From Wall Street to Main Street, the issue of pay equity and demands for a fair living wage are making headlines across the country. Despite the growing furor, the idea that employees performing substantially equal work should be paid equally is not new. The Pay Equity Act was passed in 1963, followed by the Civil Rights Act of 1964 and the Lily Ledbetter Fair Pay Act of 2009.
However, laws alone have not closed the gap in pay disparity in many industries, a trend that also impacts small and mid-sized businesses. One reason may be that most companies are reluctant to share in-depth salary information about their employees based on race and gender data.
Recently, chip maker Intel made the unprecedented move to publicly release this data for 51,000 U.S. workers. The report was sent to the U.S. Equal Employment Opportunity Commission (EEOC). This is the first year that the EEOC is requiring the same kind of pay data from all companies with more than 100 employees, though companies aren’t required to publicly disclose that data. Previously, the EEOC asked for race and gender data, but not pay information. Intel released its data after settling a pay discrimination lawsuit for $5 million in October.
As this example illustrates, organizations can face significant financial and legal ramifications if they are viewed as paying employees unfairly. And while most employers are motivated to do the right thing, what may be well intended with good workplace policies sometimes falls apart in actual practice.
Pay Equity Trends
Increased scrutiny of employer pay equity has made this a hot topic for companies of all sizes. For this reason, total rewards association WorldatWork conducted a Pay Equity Practices and Priorities Survey to assess the current state of pay equity related work. Key findings include:
Gender pay gap and broad pay equity analysis is becoming standard practice for organizations (79% and 71% respectively).
- Additionally, 55% reported remediation strategy execution and remedial option evaluation (52%) are not far behind.
- Interestingly, 32% of respondents are not looking at performance management practices. This is surprising since performance management programs tend to be subjective.
- While employers are looking for potential biases that may influence pay disparities, benefits programs are not receiving the same attention.
- Only 9% of organizations said gender pay gap analysis is not on their radar.
In another survey conducted by WorldatWork earlier this year in partnership with pay consultancy Korn Ferry, larger companies reportedly were more likely to take action on pay equity than smaller businesses. In fact, regulatory compliance and culture initiatives are key drivers behind pay equity management programs. So is the desire to improve employee engagement and build trust in organizations.
Still, the ultimate test of faith depends largely upon how pay equity is managed within the organization and how well pay equity initiatives are communicated to employees.
Changing Laws and Uncertain Politics
Employers navigating complex pay equity issues are just as likely to encounter a changing morass of state and municipal laws, some which assign rewards for liability and damages. According to some legislation, potential new hires are entitled to know what the pay range is during recruitment.
In addition, with national elections looming in 2020, public policies to address pay inequities could further expand. As a result, how organizations justify differences in employee pay based upon merit, seniority, or other factors may also need adjustment.
To land safely on pay equity issues in an uncertain political climate, companies are advised to:
Conduct comprehensive pay equity and pay gap analyses;
- Identify diversity and inclusion priorities, then follow through;
- Look into biases that may be discouraging promotions within the company; and
- Define clear metrics for good performance, then ensure that unconscious biases don’t have an unwanted influence on performance evaluations.
Pay Transparency Pays Back
In today’s digital world, savvy employees have easy access to compensation information from online sources like Indeed, LinkedIn and GlassDoor.

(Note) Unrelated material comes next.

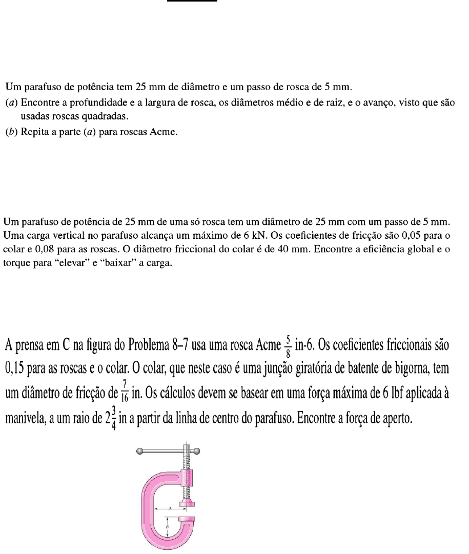 Lista de exercícios em duplas – Entregar no dia da Avaliação Assunto: PARAFUSOS Exercício 1 Resp.: a) profundidade e largura – 2,5mm; dm = 22,5 mm; dr = 20 mm; l = p = 5mm; b) iguais. Exercício 2 Resp.: TR= 16,23 N.m; TL = 6,622 N.m; e = 0,294 Exercício 3 Resp.: F = 170 lfb Exercício 4 Resp.: a) 1,25 in; b) 1,109 in; c) 0,4375 in; d) 1,5465 in….1,75 in; e) ld = 0,5 in lt = 0,609 in. Exercício 5 Resp.: a) 34 mm; b) 31,5 mm; c) 12,8 mm; d) 44,3 mm….50 mm; e) ld = 16 mm lt = 15,5 mm. Exercício 6 Resp.: 1,11 ; 1,08 Exercício 7 Resp.: a) 476 N.m; b) Fb = 136,9 kN Fm = 116,9 kN Exercício 8 Duas placas, uma de aço e a outra de ferro fundido, estão engastadas por parafuso de porca ½ in – 20 UNF x 1 ½ in SAE grau 5 com ½ in N de diâmetro de arruela frontal. a) Determine Km para as placas de aço e ferro fundido; b) Determine Km considerando duas placas de aço; c) Usando a Eq. 8-23, determine Km para duas placas de aço e compare com o resultado da letra (b); d) Determine Kb. Resp.: a) K1 = 30,80 . 106 lbf/in; K2 = 285,5 . 106 lbf/in; K3 = 14,15 . 106 lbf/in; Km = 9,378 . 106 lbf/in b) Km = 14,64 . 106 lbf/in c) Km = 14,92 . 106 lbf/in d) Kb = 3,69 . 106 lbf/in Exercício 9 Resp.: n = 4,73 Exercício 10 Quando o problema se refere ao problema 8-22, entenda-se que é o problema 9. Resp.: n = 5,84 Exercício 11 Na figura para o problema 8-20, os parafusos de porca tem um diâmetro de ½ in e a placa de cobertura é de aço, com D = ½ in. O cilindro é de aço fundido, com espessura de 5/8 in e um módulo de elasticidade de 18 Mpsi. A arruela de ½ in da SAE a ser usada sob a porca tem um diâmetro externo de 1,062 in e 0,095 in de espessura. Encontre as rigidezes do parafuso de porca e dos membros, bem como a constante de junção C. Resp.: Kb = 3,936 Mlbf/in; Km = 10,79 Mlbf/in; C = 0,267 Exercício 12 9 Resp.:Fl = 4 kN; M = 2.400 N.m; Fll A = FllB = 37,5 kN; Fo = 4 kN; τ = 334 MPa; σ = -393 MPa; I = 1,48.106 mm4; σ = 110 MPa

Therefore, they know what to expect to earn at a job. And The result is that companies can no longer avoid transparency when it comes to pay.
Being transparent about pay, at the same time, allows employees to understand their pay, how it relates to company values and how it compares to public information. The result is to strengthen the employee/employer relationship.
There are three reasons why compensation transparency matters:
- It’s important to employees. According to a recent survey by Mercer, reportedly only 19% of employees gave their employer an “A” for equity and promotion. In addition, data shows that in the past five years employee perception of pay has declined.
- Lack of transparency hinders organizations from achieving diversity in the workforce. It has been shown diversity in the workforce leads to higher performing organizations. Transparency supports holding companies accountable for compensation decisions made.
- Democratization of pay has made it easy for employees to have access to competitiveness information, taking compensation information out of employers’ control.
Pay equity and equal pay for equal work seem like no brainers. But it’s not easy to change perceptions that are heavily entrenched in our society. Pay equity, however, is having an outsized impact on employer’s ability to hire and retain top talent in today’s highly competitive labor markets.